My takeaway has been that HN does not have Reddit's "don't downvote people just because you think that they are wrong" rule. Interestingly, PG's observation that people do not tend to downvote people who's comments are already gray does not seem to be true at all on reddit.

  • I've always thought that downvoting was for things that didn't contribute, and for things that were technically wrong (including logical fallacies and similar). However, disagreeing on opinion doesn't strike me as an area (on HN or otherwise) where downvoting makes sense.

    So downvoting "1TB of data can easily be uploaded over a 20Mbps connection" (Takes 4.8 days, versus a 20 MegaBytes ps connection, which takes ~14 hours and while not easy, is at least more feasible) -- should be ok. But a comment with correction would normally be better...

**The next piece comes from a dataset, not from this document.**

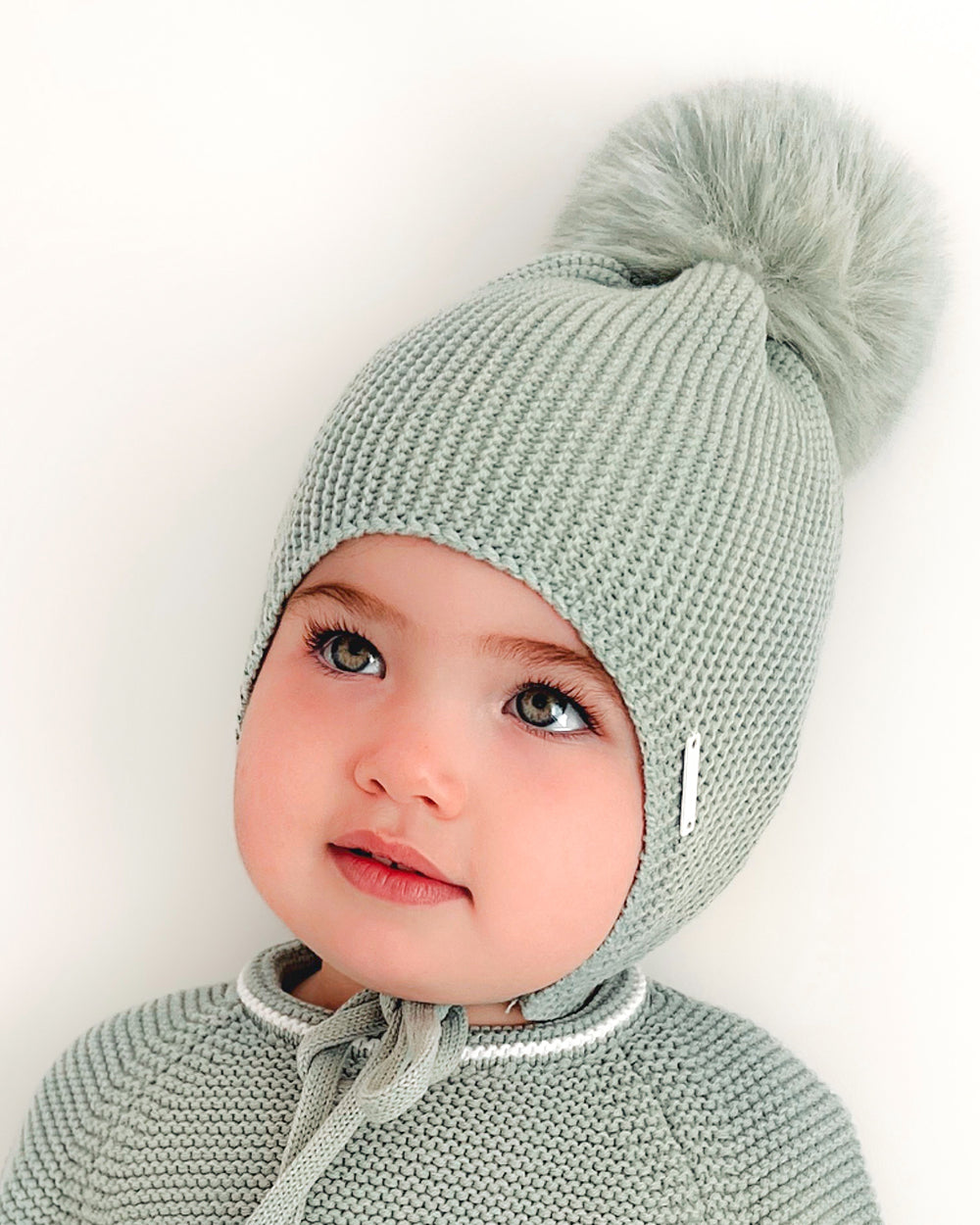 Gorro Orejero Pompón Pelo Verde Mint - Pangasa Baby

    Downvoting someone for saying that they prefer working in Eclipse (just because I prefer vim) doesn't seem very useful?

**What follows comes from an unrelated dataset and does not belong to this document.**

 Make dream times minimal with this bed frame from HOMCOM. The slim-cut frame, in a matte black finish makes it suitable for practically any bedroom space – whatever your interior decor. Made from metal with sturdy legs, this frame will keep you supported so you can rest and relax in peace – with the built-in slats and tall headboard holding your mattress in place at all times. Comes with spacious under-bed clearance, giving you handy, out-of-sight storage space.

    • I don't think that the line between "I disagree with your opinion" and "I think this is incorrect" is always clear, particularly when new theories or analysis is being floated. As examples:

      If I state that "chocolate is better than vanilla", and you disagree with me, it's not really that you think I am incorrect; you simply just disagree with me.

      However if I state that I think "[country] will do [something] in Crimea", then you might disagree with me because you do think that I am incorrect. However in that case, because my statement was speculative, there isn't a strong sense of "objectively correct or incorrect".

      I think that most 'disagreements' in online conversations are closer to the second than the first.

    • Downvoting someone saying they prefer some text editor is useful because those conversations are often very dull.

      Downvoting the incorrect post is valid but as you say it would be more useful to provide a correction post.